Si vous vous entraînez en CrossFit ®*, vous devriez viser entre 2 et 3 sessions de 10 minutes maximum dédiées à la corde, en plus de votre entraînement régulier. Vous pouvez aussi utiliser ces sessions comme première partie d’entraînement ou même comme finisher. L’objectif est d’amener votre rythme cardiaque dans les 80 % de votre max (voire aller en entraînement Vo2 max pour les plus courageux d’entre vous). Pour ce faire, vous allez jouer avec le repos. Par exemple, passez de 1:1 à 1:2 repos/travail pour augmenter la difficulté. Les RPM (cadence) sont très importants et souvent négligés dans notre type d’entraînement. L’objectif est de pouvoir maintenir entre 180 et 240 RPM (ne vous découragez pas, c’est difficile au début).
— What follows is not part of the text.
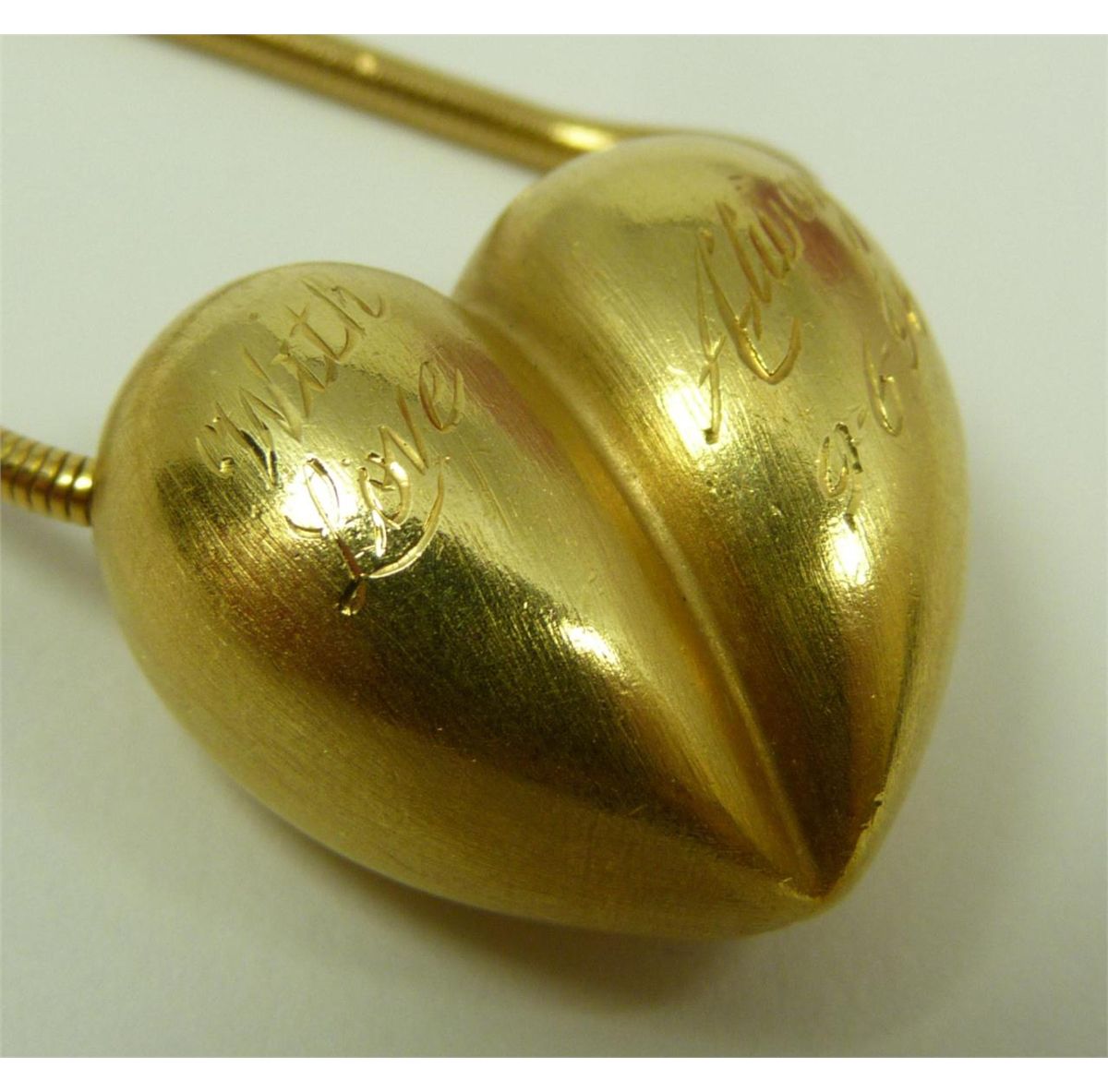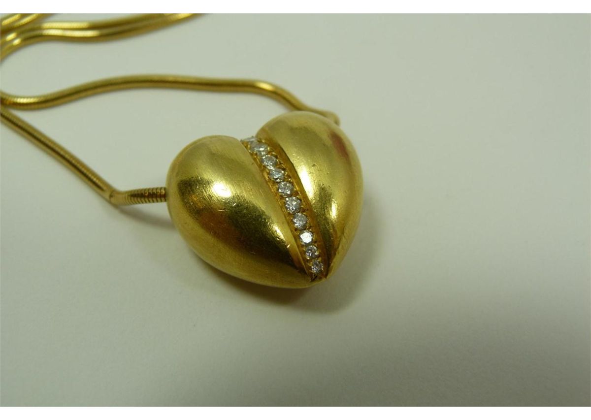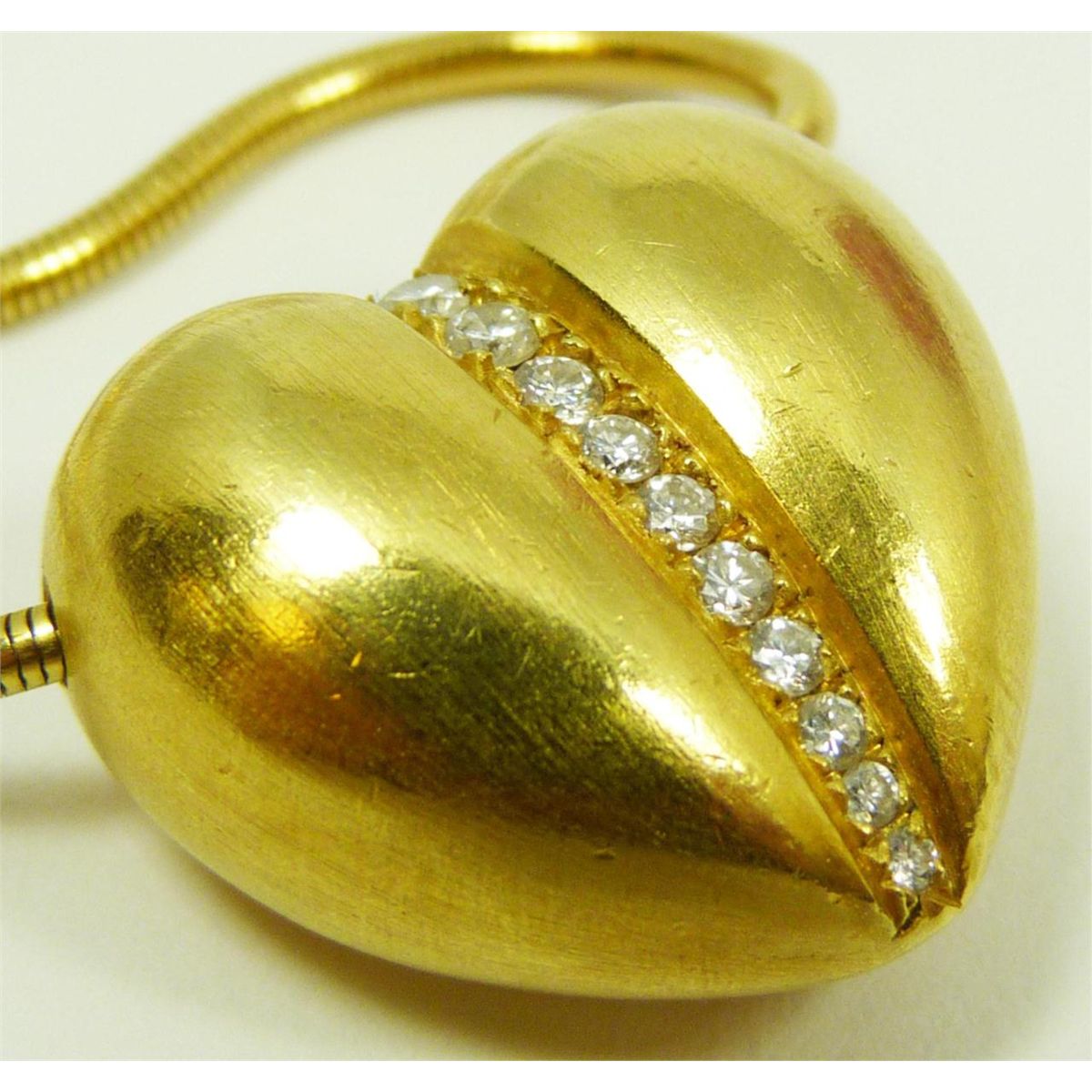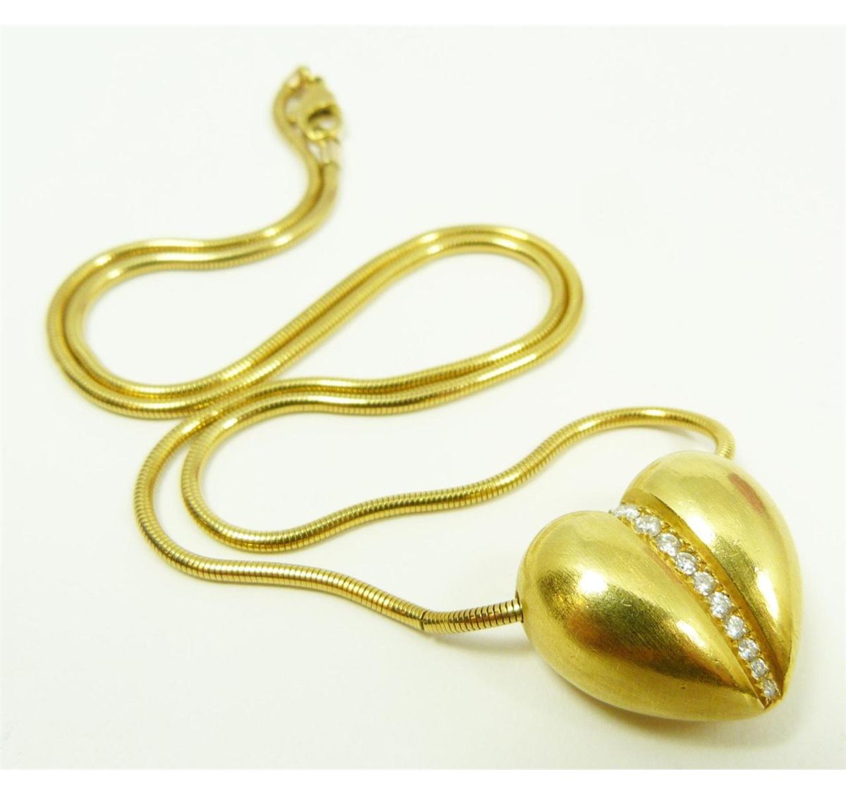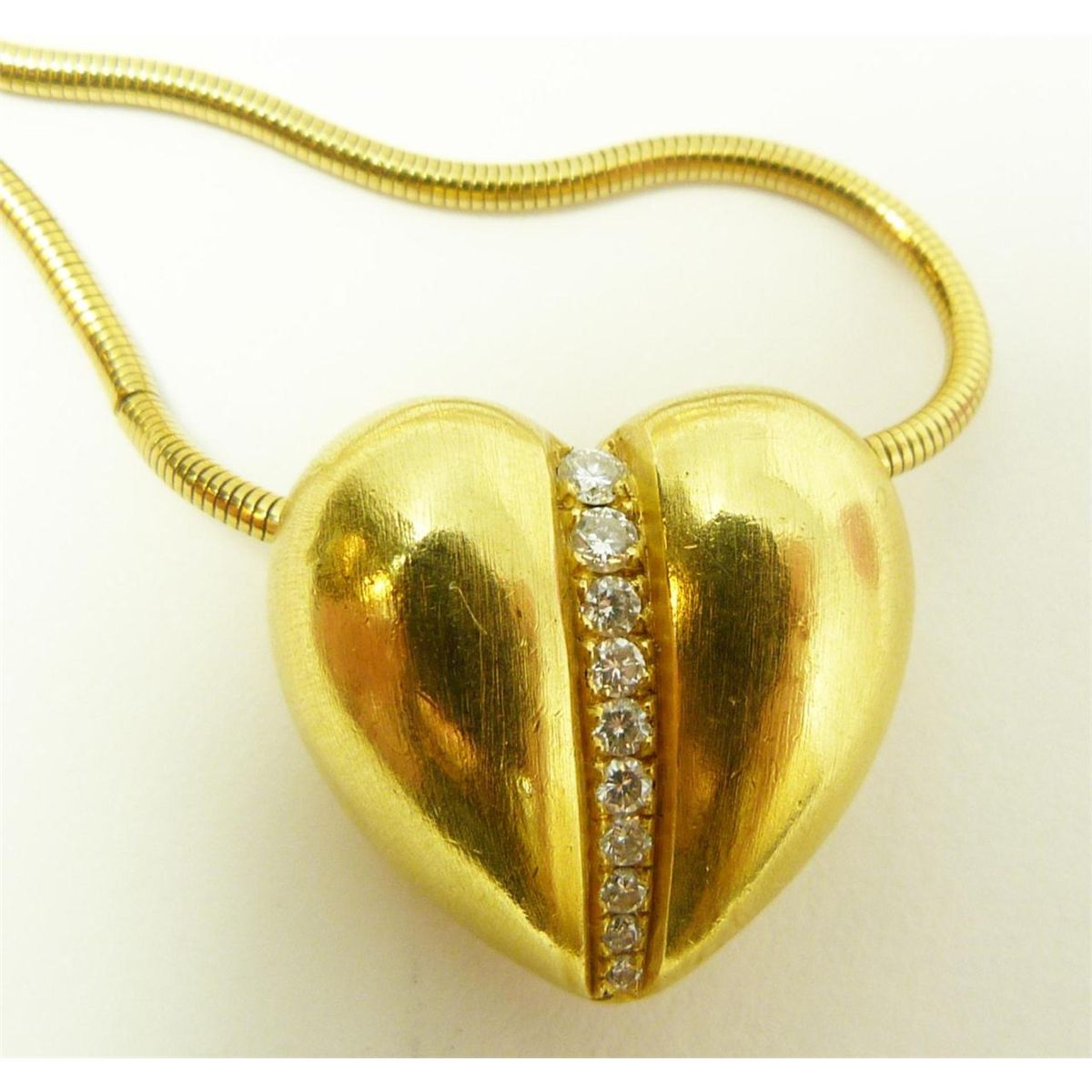 18k yellow gold necklace having figural heart sliding pendant. Heart holds 10 round cut graduating diamond. 18" length (45.7cm). Pendant measures 7/8" height x 1" width (2.2cm x 2.5cm). Total weight of 13.1dwt.

Tant que vous n’arrivez pas à maintenir ces RPM, gardez vos séances à 5 minutes pour maximiser l’intensité. N’apprenez pas à faire « lentement » juste pour faire 10 minutes. Comme en CrossFit ®*, c’est l’intensité qui amènera les résultats et non la durée de l’entraînement. Au début, prenez 5 techniques de sauts simples et faites 1 minute de chaque en essayant de maintenir 180-240 RPM et en limitant les échecs. Par la suite, le début de votre session sera 5 x 1 minute de sauts, puis vous aurez 3 à 5 sprints de 30 à 60 secondes pour un max de reps (suivi d’un repos 1:1 au début). Puis, même session, mais vos sprints seront de 60 secondes et le repos se fera à 180 RPM de sauts simples. Enfin, amenez le même principe avec les sauts doubles et vous pourrez aussi augmenter la difficulté en faisant des « chorégraphies » où tous les 5-10 sauts vous changez de type de sauts. 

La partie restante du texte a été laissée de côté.